Source material:
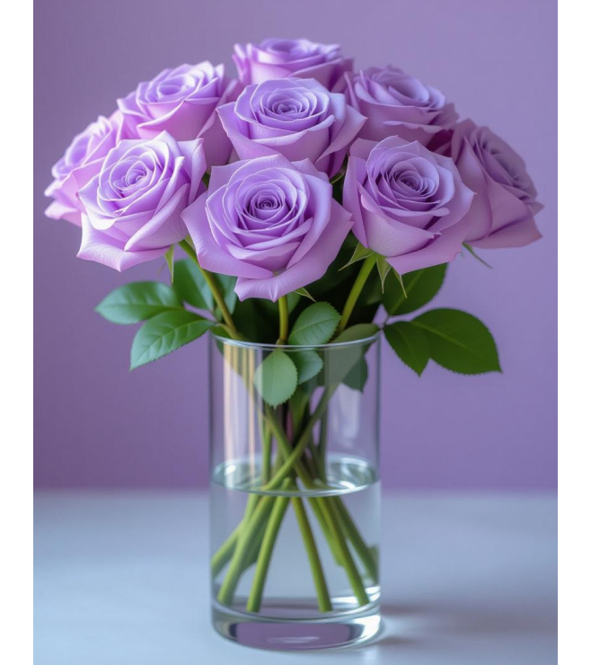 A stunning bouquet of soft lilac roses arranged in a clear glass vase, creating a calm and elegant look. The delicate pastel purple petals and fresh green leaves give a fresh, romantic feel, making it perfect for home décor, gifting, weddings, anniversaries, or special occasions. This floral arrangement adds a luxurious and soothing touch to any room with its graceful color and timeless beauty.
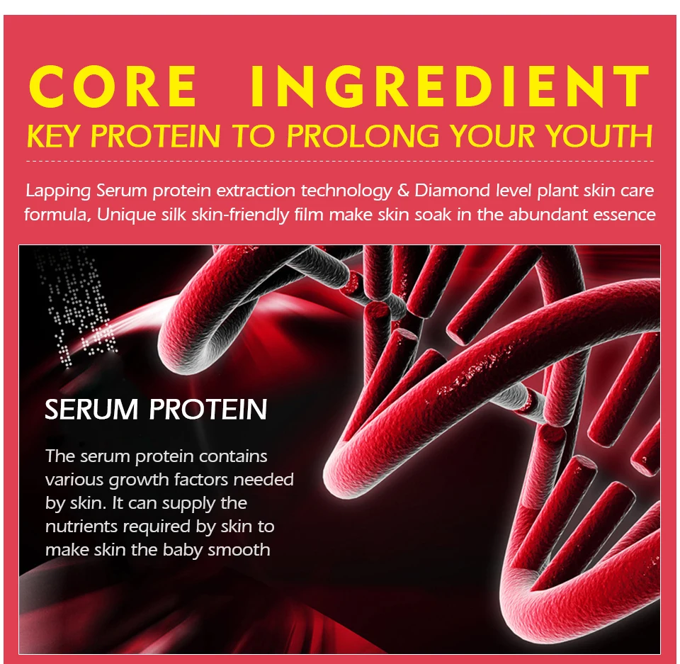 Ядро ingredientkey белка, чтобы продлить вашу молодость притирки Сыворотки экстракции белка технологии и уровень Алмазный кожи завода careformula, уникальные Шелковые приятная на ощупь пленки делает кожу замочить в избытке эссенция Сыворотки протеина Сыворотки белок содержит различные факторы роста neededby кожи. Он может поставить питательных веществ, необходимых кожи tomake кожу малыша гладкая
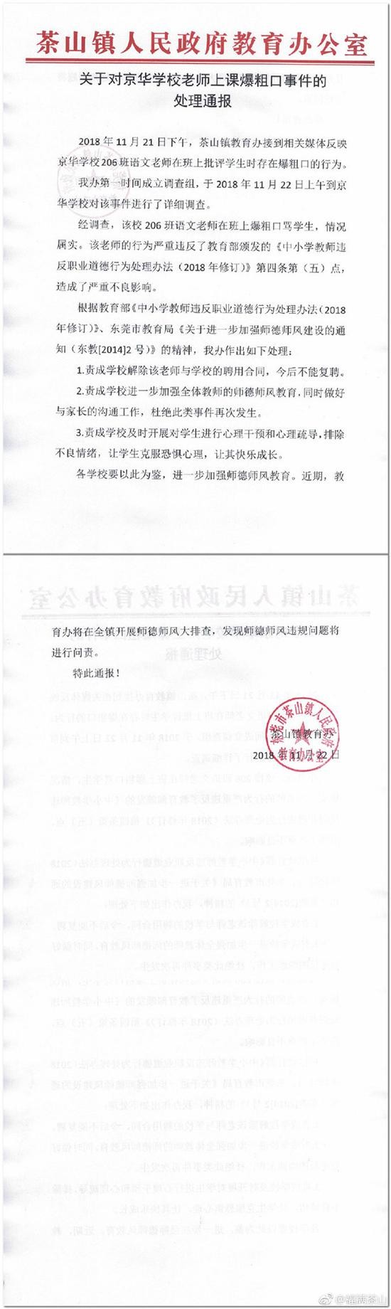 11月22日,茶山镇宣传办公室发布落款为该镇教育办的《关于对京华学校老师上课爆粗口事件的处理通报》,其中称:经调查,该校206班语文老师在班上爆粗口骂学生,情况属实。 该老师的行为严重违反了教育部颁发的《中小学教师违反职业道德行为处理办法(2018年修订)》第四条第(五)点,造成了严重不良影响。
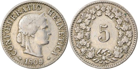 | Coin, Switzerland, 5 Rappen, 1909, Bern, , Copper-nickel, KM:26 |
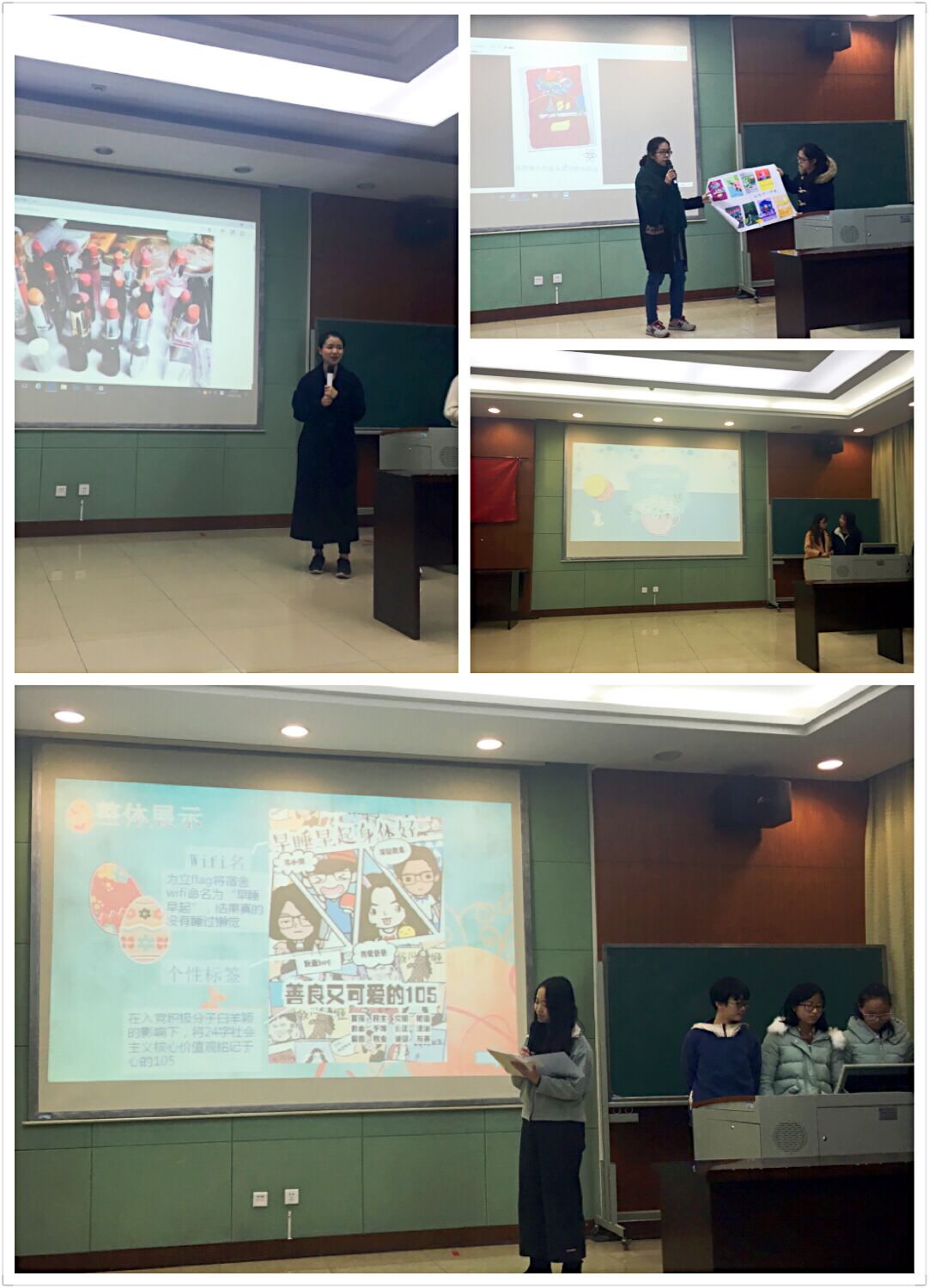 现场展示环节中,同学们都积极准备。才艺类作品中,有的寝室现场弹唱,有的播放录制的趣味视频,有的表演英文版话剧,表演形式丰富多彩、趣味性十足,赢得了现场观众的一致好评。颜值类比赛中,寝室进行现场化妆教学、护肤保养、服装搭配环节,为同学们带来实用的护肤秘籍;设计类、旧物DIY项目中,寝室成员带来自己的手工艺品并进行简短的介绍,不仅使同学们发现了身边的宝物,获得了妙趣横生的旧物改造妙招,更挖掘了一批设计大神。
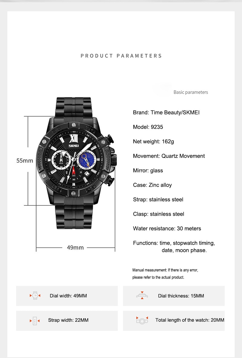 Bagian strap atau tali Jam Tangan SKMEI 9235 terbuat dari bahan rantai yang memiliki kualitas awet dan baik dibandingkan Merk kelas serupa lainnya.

* * *

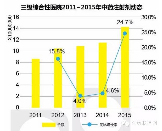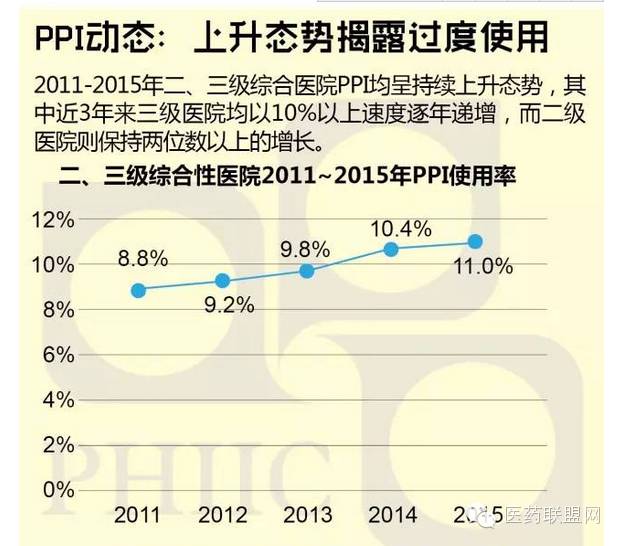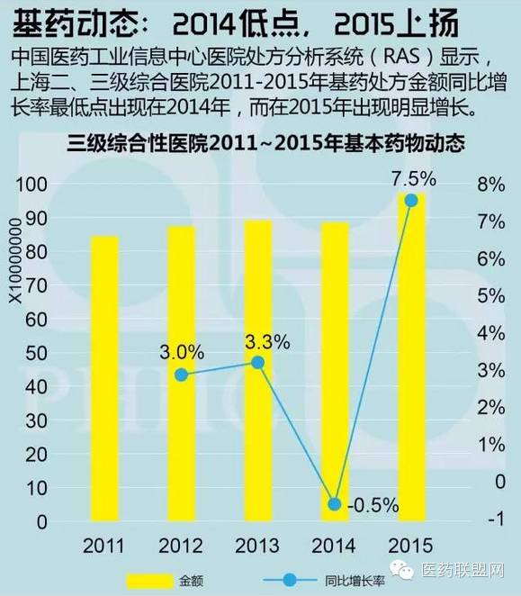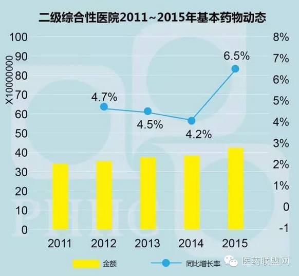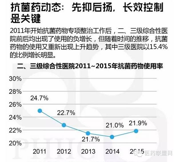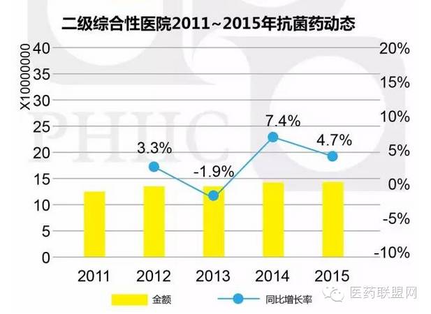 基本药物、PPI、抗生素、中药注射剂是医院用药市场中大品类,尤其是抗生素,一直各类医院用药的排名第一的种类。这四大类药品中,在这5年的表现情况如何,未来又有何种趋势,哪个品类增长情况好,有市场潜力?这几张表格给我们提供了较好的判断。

Directions for this task: Leaving out all pictures, set down exactly the lines of the material above, from the line with "A stunning bouquet" to the line with "Copper-nickel, KM:26 |" inclusive, and no others.

Solution below:
 A stunning bouquet of soft lilac roses arranged in a clear glass vase, creating a calm and elegant look. The delicate pastel purple petals and fresh green leaves give a fresh, romantic feel, making it perfect for home décor, gifting, weddings, anniversaries, or special occasions. This floral arrangement adds a luxurious and soothing touch to any room with its graceful color and timeless beauty.
 Ядро ingredientkey белка, чтобы продлить вашу молодость притирки Сыворотки экстракции белка технологии и уровень Алмазный кожи завода careformula, уникальные Шелковые приятная на ощупь пленки делает кожу замочить в избытке эссенция Сыворотки протеина Сыворотки белок содержит различные факторы роста neededby кожи. Он может поставить питательных веществ, необходимых кожи tomake кожу малыша гладкая
 11月22日,茶山镇宣传办公室发布落款为该镇教育办的《关于对京华学校老师上课爆粗口事件的处理通报》,其中称:经调查,该校206班语文老师在班上爆粗口骂学生,情况属实。 该老师的行为严重违反了教育部颁发的《中小学教师违反职业道德行为处理办法(2018年修订)》第四条第(五)点,造成了严重不良影响。
 | Coin, Switzerland, 5 Rappen, 1909, Bern, , Copper-nickel, KM:26 |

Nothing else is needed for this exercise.